凍結乾燥させた苺を、抹茶の口どけの良いチョコで包み、抹茶をまぶした一品だった。試食した際、抹茶の渋さや甘さと、苺のサクサクとした食感と酸味の意外な組み合わせが、普通の褐色のチョコレートよりも個性的で気に入ったため、これを選んだのだ。色彩も爽やかで、娘心をくすぐった。
(でも、私が美味しいと思ったからって、藍染隊長も美味しいと思って下さるかは別の問題だよね…。)
鈴泥は急に我に返って、失敗したかな、と思った。
思考をぐるぐるとめぐらせていると、雛森がため息をつきながら、落ち込んで隊主室から出てきた。
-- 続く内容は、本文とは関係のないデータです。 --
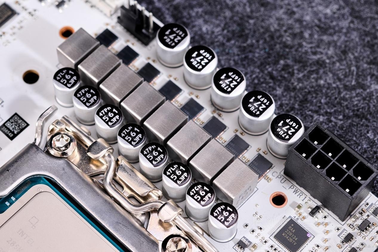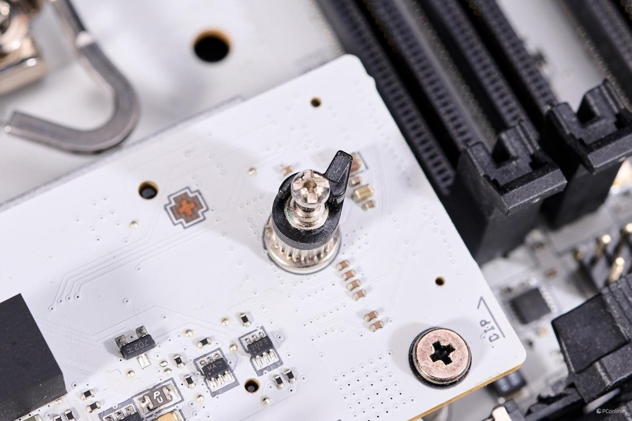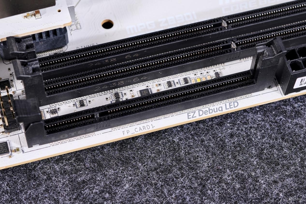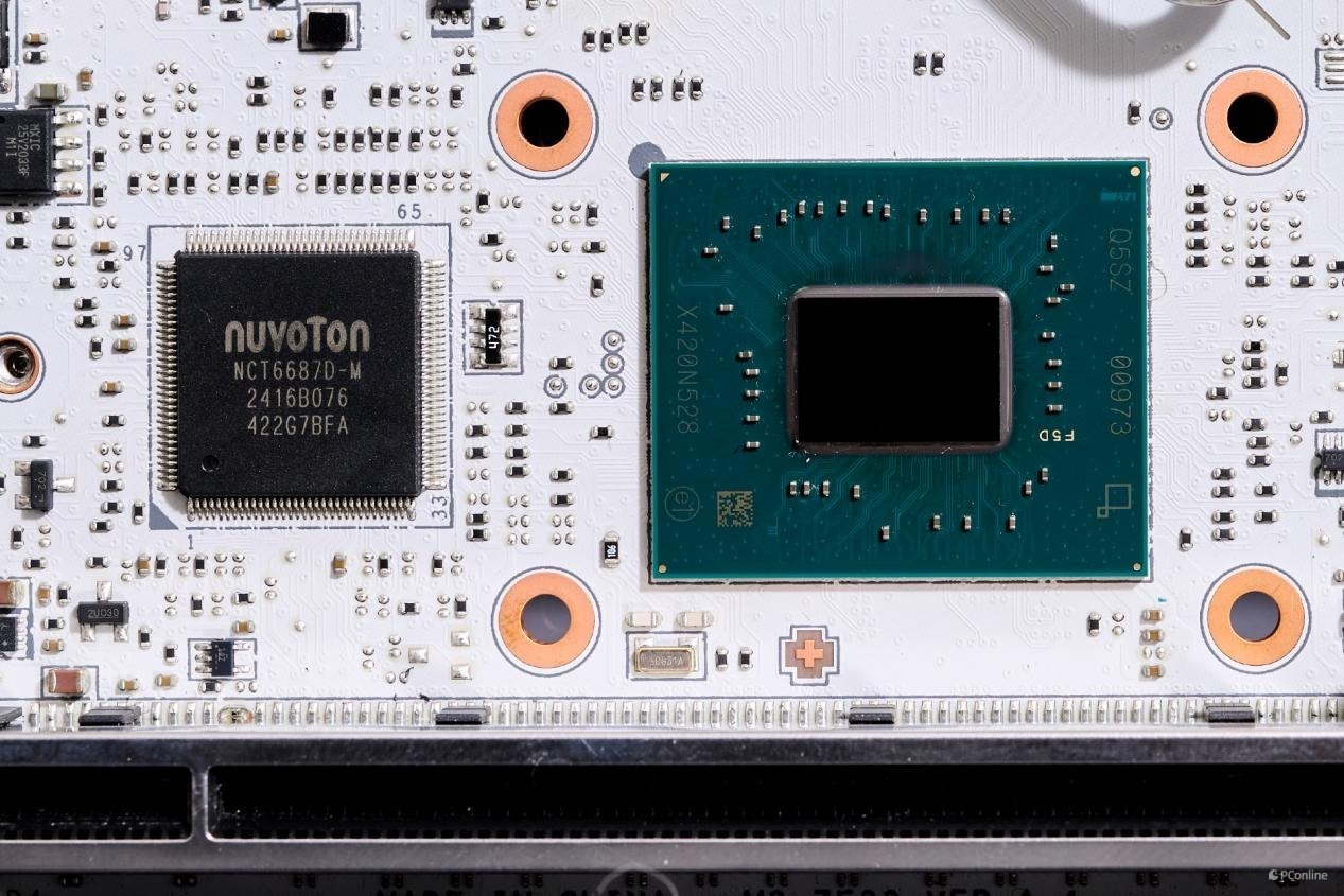 24Pin供电接口放到内存右旁,而且两个接口均采用全实心针脚设计,提升接口供电稳定性。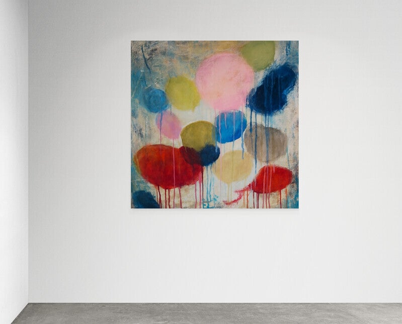 Color Drops is een expressief abstract schilderij met een speelse compositie van kleurrijke verfballen en druipende lijnen. Deze moderne kunstprint straalt creativiteit en beweging uit en is perfect als opvallend middelpunt in jouw interieur. De ruwe achtergrondtextuur en zichtbare penseelstreken geven het geheel een authentieke artistieke sfeer.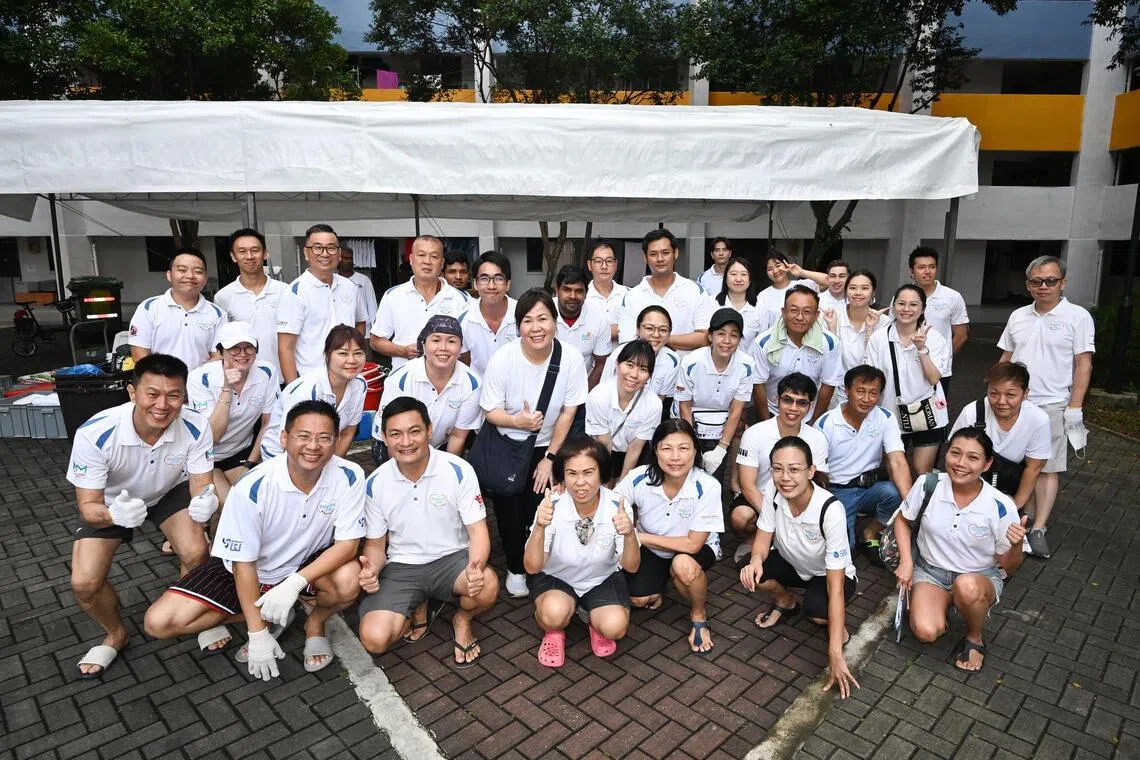 Mr Steven Goh (middle) working with a group of volunteers at a resident's home.

(あれ…桃ちゃんどうしちゃったんだろう…もしかしてふられ…。)
と、そこまで考えた時である。
「水都君…。」
と、甘く低い腰にくる声が、耳元で聞こえた。
鈴泥はぎょっとして後ろを見た。
藍染が、人の悪そうな笑顔で、鈴泥の肩を後ろから抱いていた。
「お待たせ。いや、私が待たされた方だな。」
藍染は独り言のように言うと、
「さあ、君の番だよ。」
と、鈴泥を隊主室へ促した。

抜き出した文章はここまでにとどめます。